Former Ghosts is a project of Freddy Ruppert, former member of This Song Is a Mess But So Am I, with loose collaborations from multiple people including Xiu Xiu frontman Jamie Stewart, Zola Jesus originator Nika Roza Danilova, Yasmine Kittles of Tearist, Annie Lewandowski of Powerdove, and Carla Bozulich. Past live incarnations have included Jherek Bischoff and Sam Mickens.  Ruppert is the lead songwriter on this project. The title of the debut, Fleurs, is a reference to the white-flowered iris (Iris germanica).

Formation

From an interview, Ruppert explained the formation of the band:

Critical reception
Pitchfork said the debut single, "Hold On", "sounds like what might've happened to Joy Division if Ian Curtis had bought a Casio and a four-track and fired the rest of the band."
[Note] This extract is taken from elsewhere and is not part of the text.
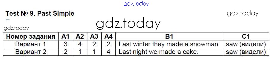 На страницах сайта gdz.today вы найдете учебный и вспомогательный материал, направленный на улучшения знаний школьной программы. ГДЗ - онлайн мир знаний Решение к тестам Тест №9. Past Simple Контрольно-измерительным материалам (КИМ) по Английскому языку для 4 класса Кулинич ВАКО 2018

AllMusic gave Fleurs 3.5/5 stars and said that "Former Ghosts evoke isolation with a fearlessness that few of their peers can match."

The blog Fingers Become Thumbs listed Fleurs as their album of the year (2009), stating: "In all seriousness, this is a dark and intense record in which Ruppert really puts himself out there, so much so that even listening to it can be emotionally draining. In saying that, by the standards of its members its by no means a ‘difficult’ listen, and in fact was intended to be the synth-pop side-project of Freddy and Jamie."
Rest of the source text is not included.